On the other hand, performed in starting the fusing operation is a contact operation that has the fuser belt 11 contact with the pressure application roller 2. In this case, the control part 200 drives the cam motor 216 to rotate the cam 60 in the opposite direction from that in the separation operation. Thereby, the pressing force to the contact plate 57 by the cam 60 weakens, therefore the swing lever 55 swings in the opposite direction from that of the arrow C1 centering on the support shaft 56 by the bias force of the coil spring 62. Thereby, as shown in FIGS. 2 and 3, the fuser belt 11 contacts with the pressure application roller 2, forming the nip part.

In starting the fusing operation, the control part 200 drives the fuser motor 214 (FIG. 10) to rotate the pressure application roller 2. Once the pressure application roller 2 rotates, the fuser belt 11 in contact with the pressure application roller 2 rotates following the pressure application roller 2.

Also, at about the same time as the pressure application roller 2 starts rotating, an electric current is supplied to the heater 15 from the heater power supply 212 (FIG. 10). The heater 15 emits heat by the electric current supplied, and heat of the heater 15 is transmitted to the fuser belt 11 through the heat diffusing member 16. The temperature sensor 17 detects the temperature of the heater 15 through the heat conducting member 14, and outputs it to the heater control part 211 (FIG. 10). The heater control part 211 controls the electric current supplied to the heater 15 so that the temperature of the fuser belt 11 is maintained at target temperature.

The medium P to which the toner image was transferred in the image forming part 8 (FIG. 1) enters the nip part between the fuser belt 11 and the pressure application roller 2. Then, by heat applied by the fuser belt 11 and a pressure of being nipped by the fuser belt 11 and the pressure application roller 2, the toner melts and is fused to the medium P.

<Efficacy of Embodiment>

In the above-mentioned fusing operation, along with the rotation of the fuser belt 11, the fuser belt 11 shifts in the +Y direction or the −Y direction. In that case, as explained referring to FIG. 9B, an end part of the fuser belt 11 contacts with the driven ring 4, and the driven ring 4 contacts with the abutting face 32a, thereby the width-direction position of the fuser belt 11 is regulated.
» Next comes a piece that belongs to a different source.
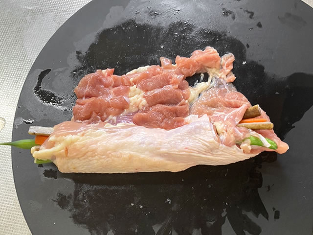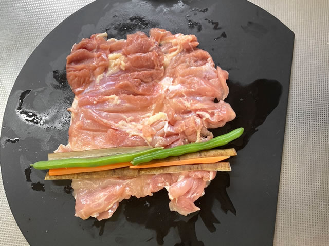 ごぼう、にんじん、いんげんを鶏肉の幅に合わせて乗せます。
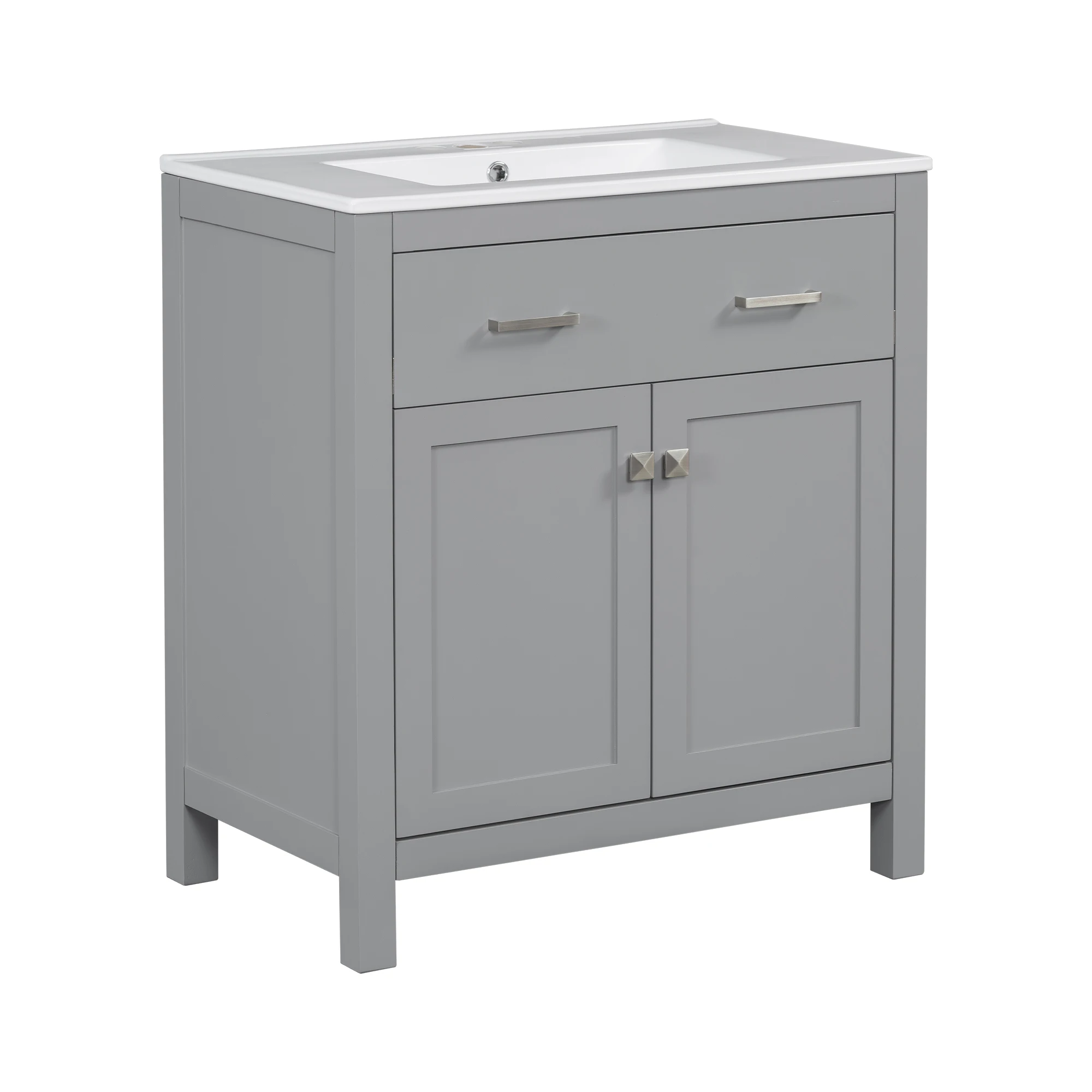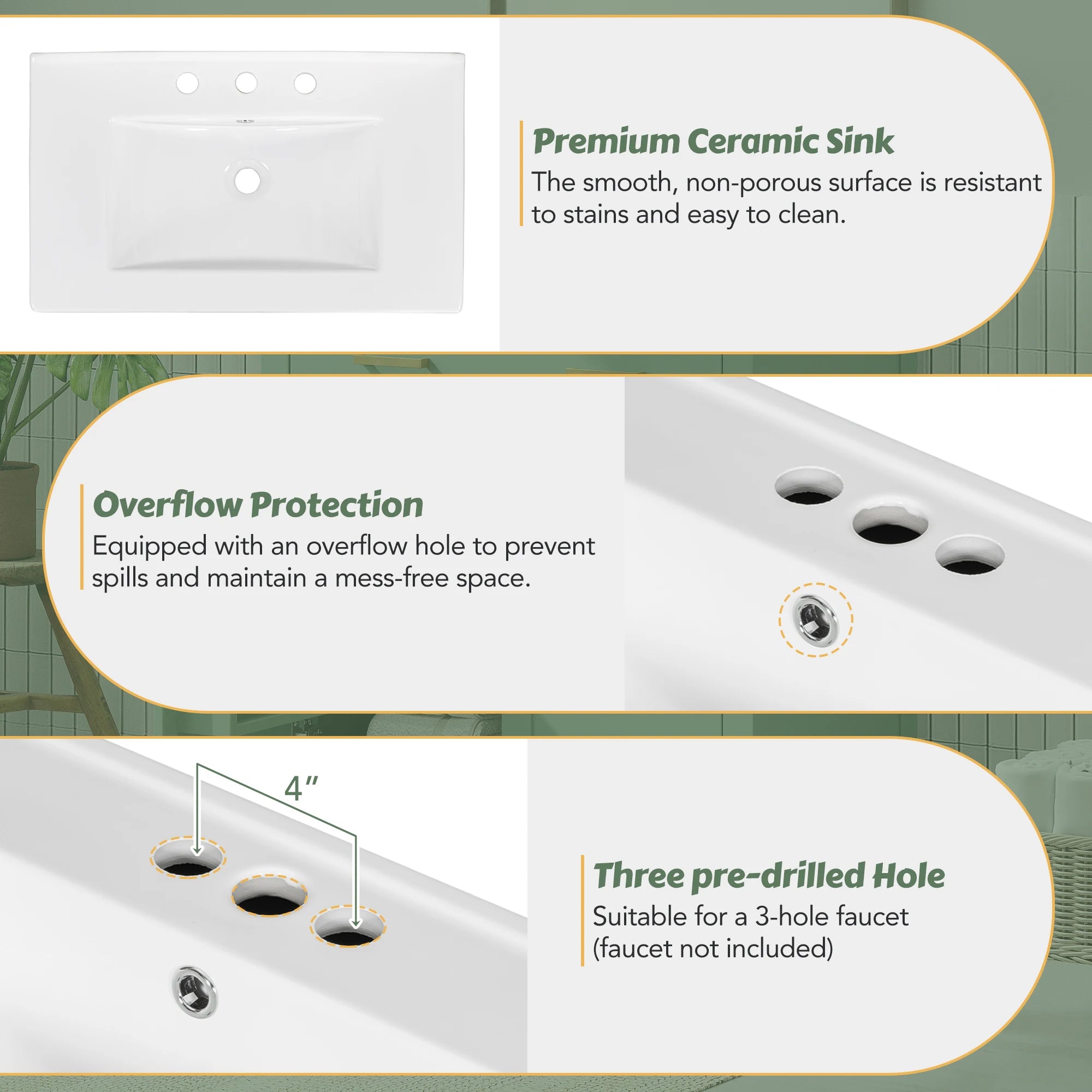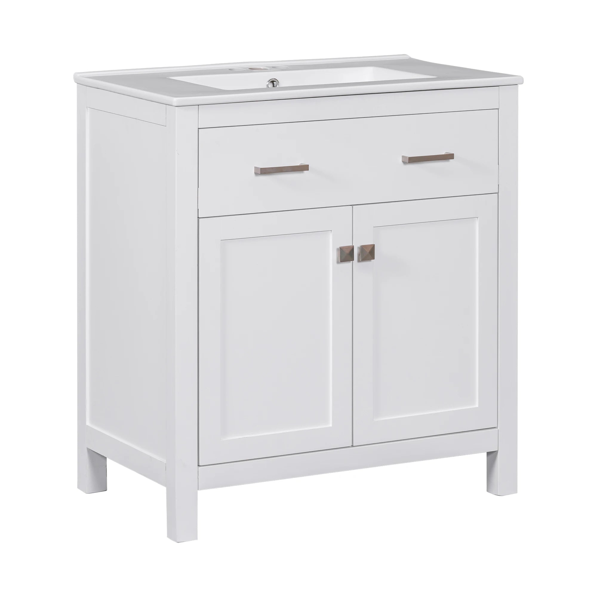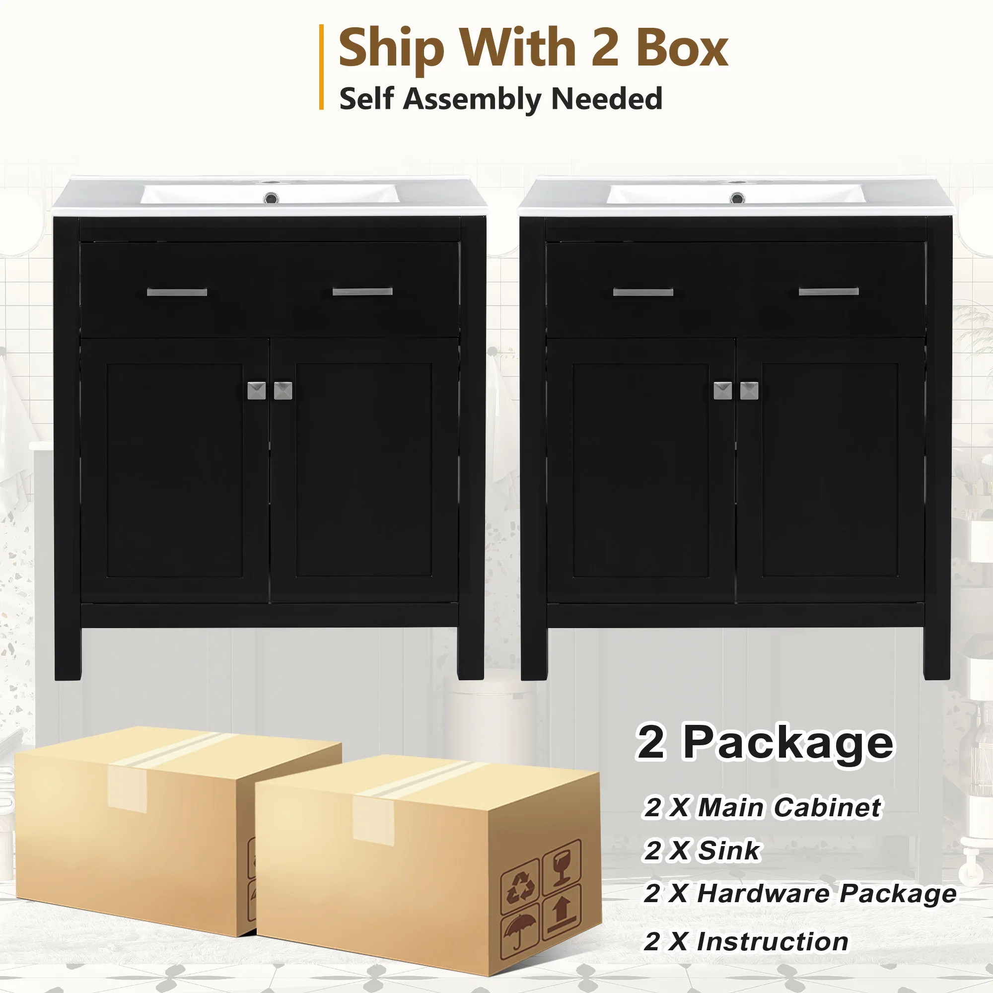 Modern Green Bathroom Vanity Set with Double Vanities (Separate), Double Ceramic Sinks, Adjustable Shelf, Soft Close Doors

This driven ring 4 rotates following the fuser belt 11 due to its contact with the end face of the fuser belt 11. At this time, because a speed difference can easily occur between the rotation speed of the fuser belt 11 and the rotation speed of the driven ring 4, due to friction with the end face of the fuser belt 11, the surface of the driven ring 4 wears out. Below, this point is explained.

FIG. 13A is a schematic diagram showing a contact state of a fuser belt 11, a driven ring 4, and an abutting face 32a in a comparative example. In this comparative example, the central axis A of an arc formed by a contact face 31a of a belt supporting part 31 and the central axis of an arc formed by a bottom face 33a of a ring supporting groove 33 coincide with each other.

In this case, the fuser belt 11 rotates centering on the central axis A, and the driven ring 4 also rotates centering on the central axis A. Therefore, a contact region with the fuser belt 11 on the surface of the driven ring 4 (that is, a first contact face 41 shown in FIG. 8) becomes a narrow region shaped in a ring centering on the central axis A. Therefore, the surface of the driven ring 4 can be shaved, thereby forming a groove.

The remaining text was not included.